Farris said the religious bias perpetrated by the Obama administration is “palpable.”

Under current U.S. law, “persons who have been persecuted or fear they will be persecuted on account of race, religion, nationality, and/or membership in a particular social group or political opinion” are eligible for asylum in the U.S. Upon arriving in the U.S., asylum-seekers file a petition for asylum. The petition is first seen in the Immigration Court, where an immigration judge rules upon it.

Then, either the petitioner or the government may appeal the decision made by the immigration judge to the Board of Immigration Appeals.

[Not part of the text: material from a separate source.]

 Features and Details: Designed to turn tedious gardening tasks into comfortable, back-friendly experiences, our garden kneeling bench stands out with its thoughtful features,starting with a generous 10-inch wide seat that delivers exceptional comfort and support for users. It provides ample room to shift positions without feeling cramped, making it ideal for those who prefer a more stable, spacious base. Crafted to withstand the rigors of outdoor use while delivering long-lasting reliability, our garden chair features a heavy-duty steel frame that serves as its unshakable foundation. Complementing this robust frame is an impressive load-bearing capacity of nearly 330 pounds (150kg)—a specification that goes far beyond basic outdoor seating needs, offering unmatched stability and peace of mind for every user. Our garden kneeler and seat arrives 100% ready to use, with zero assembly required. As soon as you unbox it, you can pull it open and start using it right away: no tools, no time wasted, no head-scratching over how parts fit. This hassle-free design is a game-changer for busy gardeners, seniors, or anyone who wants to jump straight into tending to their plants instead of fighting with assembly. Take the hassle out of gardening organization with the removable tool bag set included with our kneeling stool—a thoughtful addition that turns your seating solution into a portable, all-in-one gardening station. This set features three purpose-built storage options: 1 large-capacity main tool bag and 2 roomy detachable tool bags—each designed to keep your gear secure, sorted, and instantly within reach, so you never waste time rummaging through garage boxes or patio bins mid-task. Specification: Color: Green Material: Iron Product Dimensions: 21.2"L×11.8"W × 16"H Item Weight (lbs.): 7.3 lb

After the Board of Immigration Appeals issues its decision, a few specific types of cases, asylum among them, may be appealed to the federal circuit overseeing the jurisdiction where the petitioner lives (in the Romeike case, it’s the 6th circuit).

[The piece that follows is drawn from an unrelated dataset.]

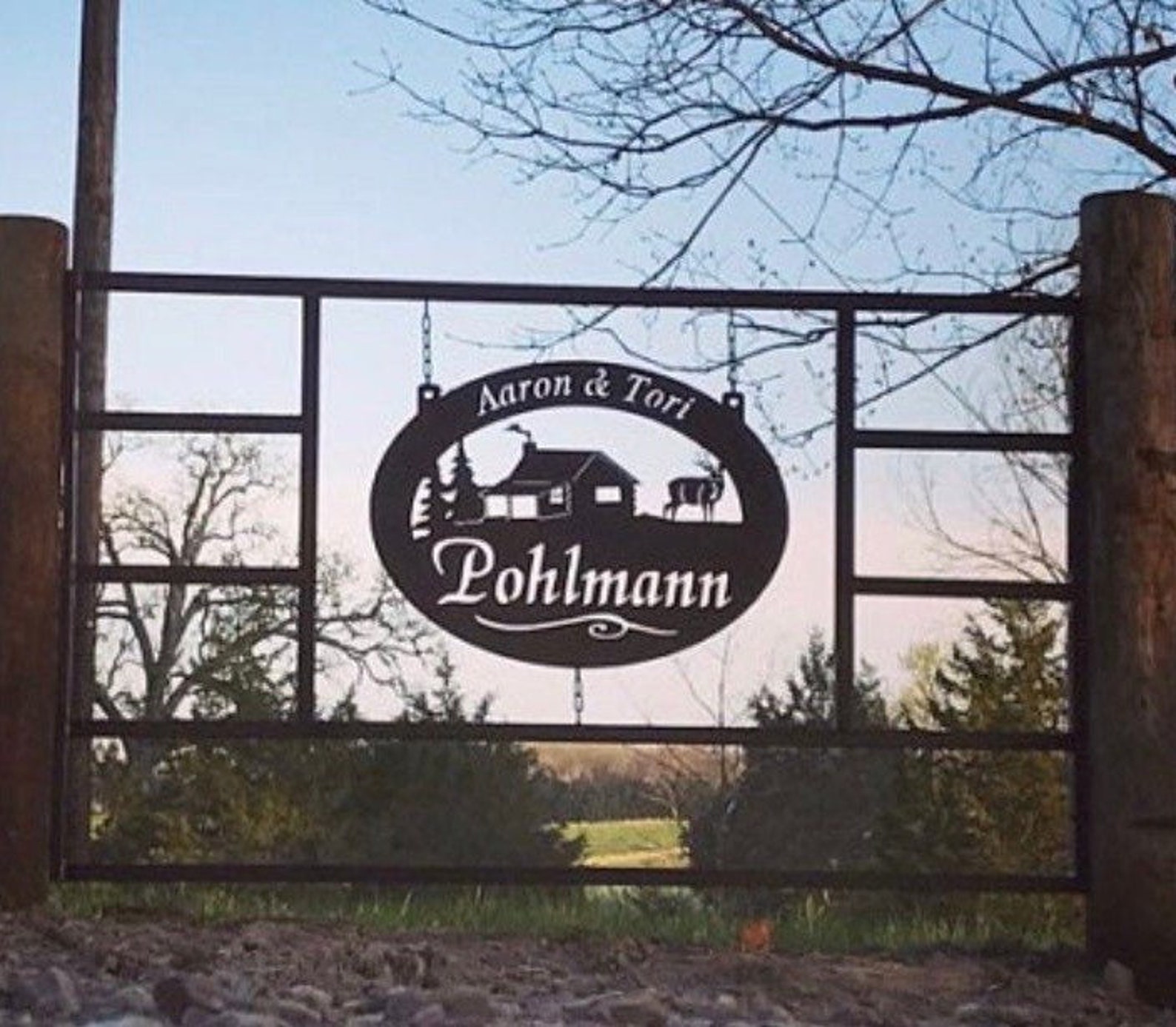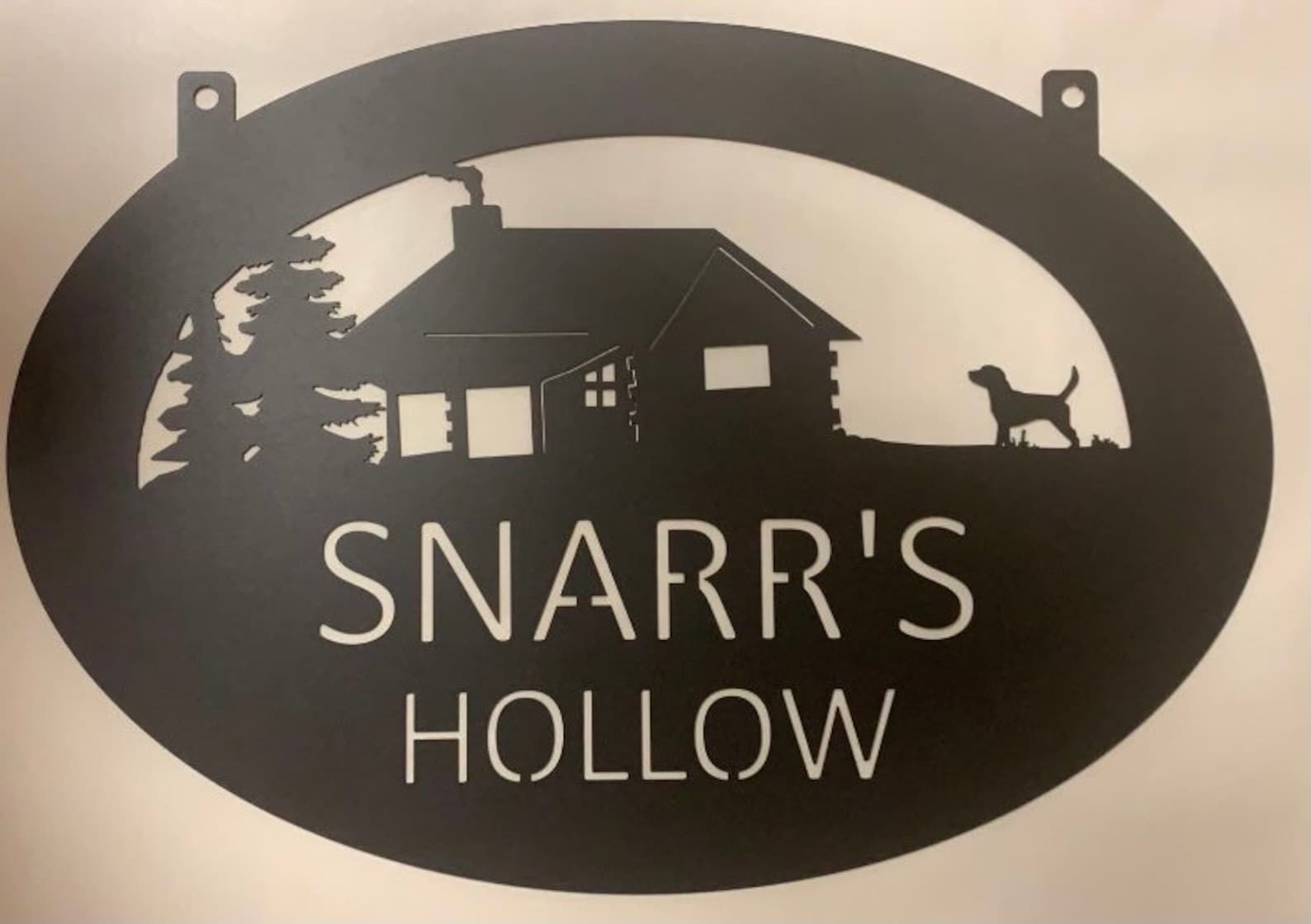 Metal laser cut sign personalized with your name finished in black powder coat ,measures 26"". Or also available in 36"x 26" or 4".
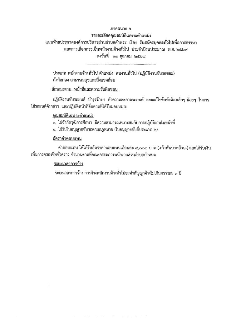 รับสมัคร ตำแหน่ง พนักงานจ้างทั่วไป ตำแหน่ง คนงานทั่วไป (ปฎิบัติงานขับรถขยะ) สังกัด กองสาธารณสุขฯ อบต.คำพระ

There are nearly 12 million illegal immigrants at the very lowest estimates living in the United States. You’d think the Obama administration could find a place for eight immigrants who want to live here legally.

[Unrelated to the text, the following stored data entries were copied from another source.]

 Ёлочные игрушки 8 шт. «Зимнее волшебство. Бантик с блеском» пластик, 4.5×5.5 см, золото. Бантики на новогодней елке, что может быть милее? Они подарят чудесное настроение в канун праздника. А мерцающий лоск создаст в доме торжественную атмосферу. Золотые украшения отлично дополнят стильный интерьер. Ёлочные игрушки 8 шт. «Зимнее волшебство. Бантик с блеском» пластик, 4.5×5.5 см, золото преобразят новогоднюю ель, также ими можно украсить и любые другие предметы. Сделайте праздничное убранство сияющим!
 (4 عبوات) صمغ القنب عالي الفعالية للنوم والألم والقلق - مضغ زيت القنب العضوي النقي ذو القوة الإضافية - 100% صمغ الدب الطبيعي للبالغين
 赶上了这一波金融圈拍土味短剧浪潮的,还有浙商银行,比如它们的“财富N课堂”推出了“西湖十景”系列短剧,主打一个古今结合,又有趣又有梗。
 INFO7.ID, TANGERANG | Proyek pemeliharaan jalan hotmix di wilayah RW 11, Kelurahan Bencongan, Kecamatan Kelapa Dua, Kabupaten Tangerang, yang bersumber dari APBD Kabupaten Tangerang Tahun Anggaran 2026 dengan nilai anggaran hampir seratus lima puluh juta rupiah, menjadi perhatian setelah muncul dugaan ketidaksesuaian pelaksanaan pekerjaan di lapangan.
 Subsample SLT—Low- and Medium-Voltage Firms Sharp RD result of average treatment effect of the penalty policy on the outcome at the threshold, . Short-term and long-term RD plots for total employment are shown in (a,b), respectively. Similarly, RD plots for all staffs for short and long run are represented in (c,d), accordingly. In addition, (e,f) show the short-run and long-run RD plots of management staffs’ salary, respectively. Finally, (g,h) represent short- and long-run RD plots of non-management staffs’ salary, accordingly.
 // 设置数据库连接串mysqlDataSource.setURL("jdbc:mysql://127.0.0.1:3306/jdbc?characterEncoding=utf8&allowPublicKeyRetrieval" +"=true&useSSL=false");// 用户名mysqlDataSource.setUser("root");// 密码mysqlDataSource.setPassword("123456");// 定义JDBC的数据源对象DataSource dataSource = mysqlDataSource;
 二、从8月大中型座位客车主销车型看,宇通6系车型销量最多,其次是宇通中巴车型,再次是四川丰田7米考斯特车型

Oh yeah… they’re white Christians. Forgot. Never mind.

“It’s a denial of the essence of America,” he said. “The Pilgrims left England to go to Holland to seek religious freedom. They came here to seek religious freedom and parental rights for their children. Had this administration been waiting at Plymouth Rock, they would’ve told the Pilgrims to go back home.”

They came to our shores longing to be free. They left their homeland to escape religious persecution. Please, sir. Welcome them to our land with open arms. Bestow upon them a small measure of grace so they might be able to raise their children in the land of the free, the home of the brave.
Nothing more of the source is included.